Меж тем мисс Мак-Картри продолжала:

— Впрочем, та, что брала на себя смелость поступать таким образом и добивалась-таки блестящих результатов — уж об этом, надеюсь, вы не станете забывать, друзья мои? — увы, теперь бесконечно далека от меня… примерно как младшая сестра, с которой давно разошлись пути… Вы не против, джентльмены, если я буду иногда с грустью и нежностью вспоминать о ней?

Давненько Арчибальду Мак-Клостоу не доводилось испытывать столь благородных чувств.

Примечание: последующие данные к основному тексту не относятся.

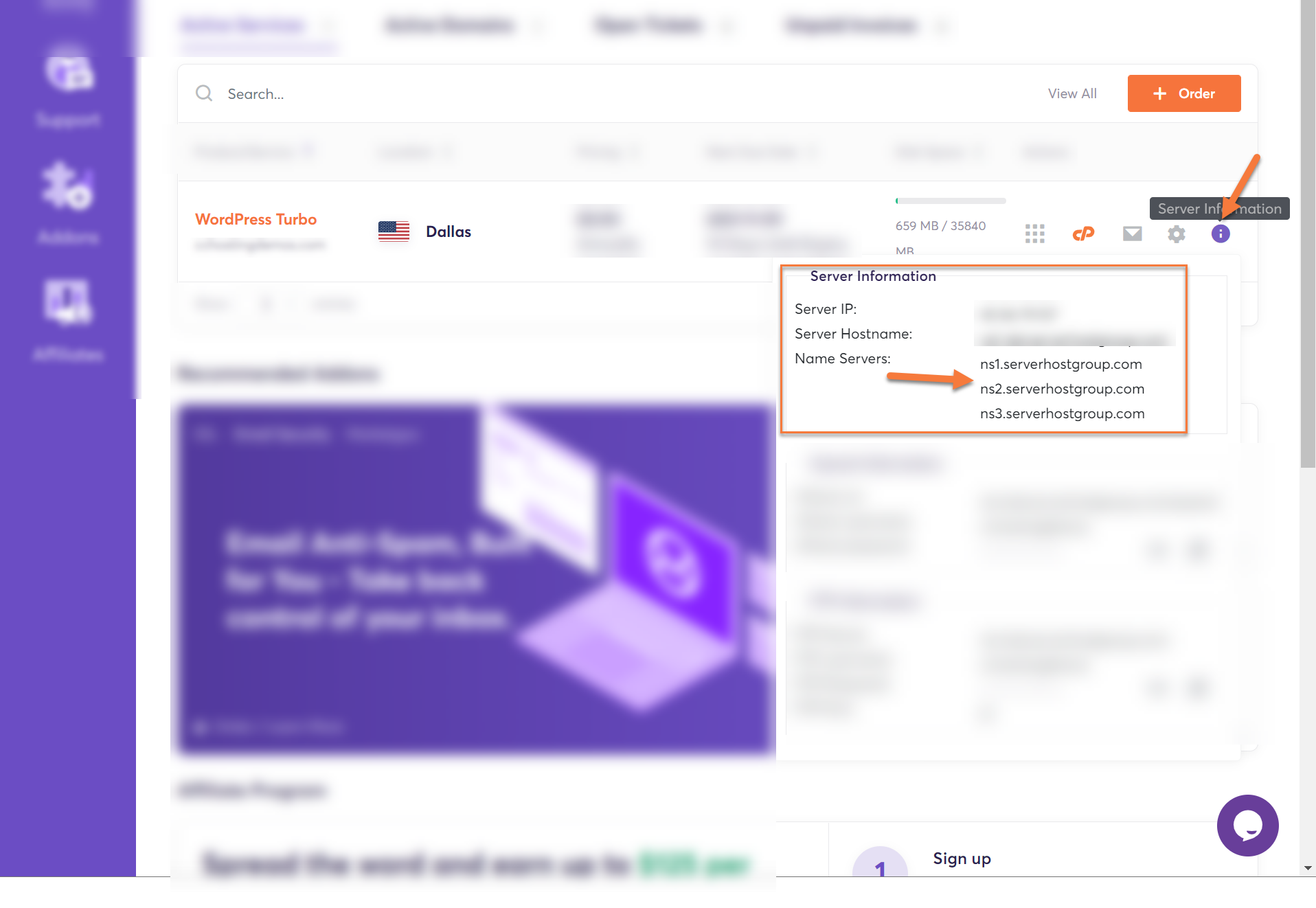 To learn more, we published an easy guide explaining how to locate your Nameservers inside of the Client Area here.

— Мы никогда не позабудем той, что была славой Каллендера!.. — задыхаясь от волнения, воскликнул он.

— …и, отчасти, его кошмаром? — лукаво добавила Иможен.

Сержант отвесил галантный поклон.

— Совсем чуть-чуть… Ну, Тайлер, я думаю, теперь, когда мы выразили мисс Мак-Картри всю свою преданность, пора и честь знать…

Но констебля так душили слезы, что он не мог пробормотать ни слова. Сэмюель лишь поклонился и побрел следом за шефом и миссис Элрой. Оставшись одна, Иможен бросилась в спальню, открыла чемодан и отхлебнула приличный глоток виски из бутылки, купленной накануне в Лондоне, дабы уберечь себя от дорожной усталости.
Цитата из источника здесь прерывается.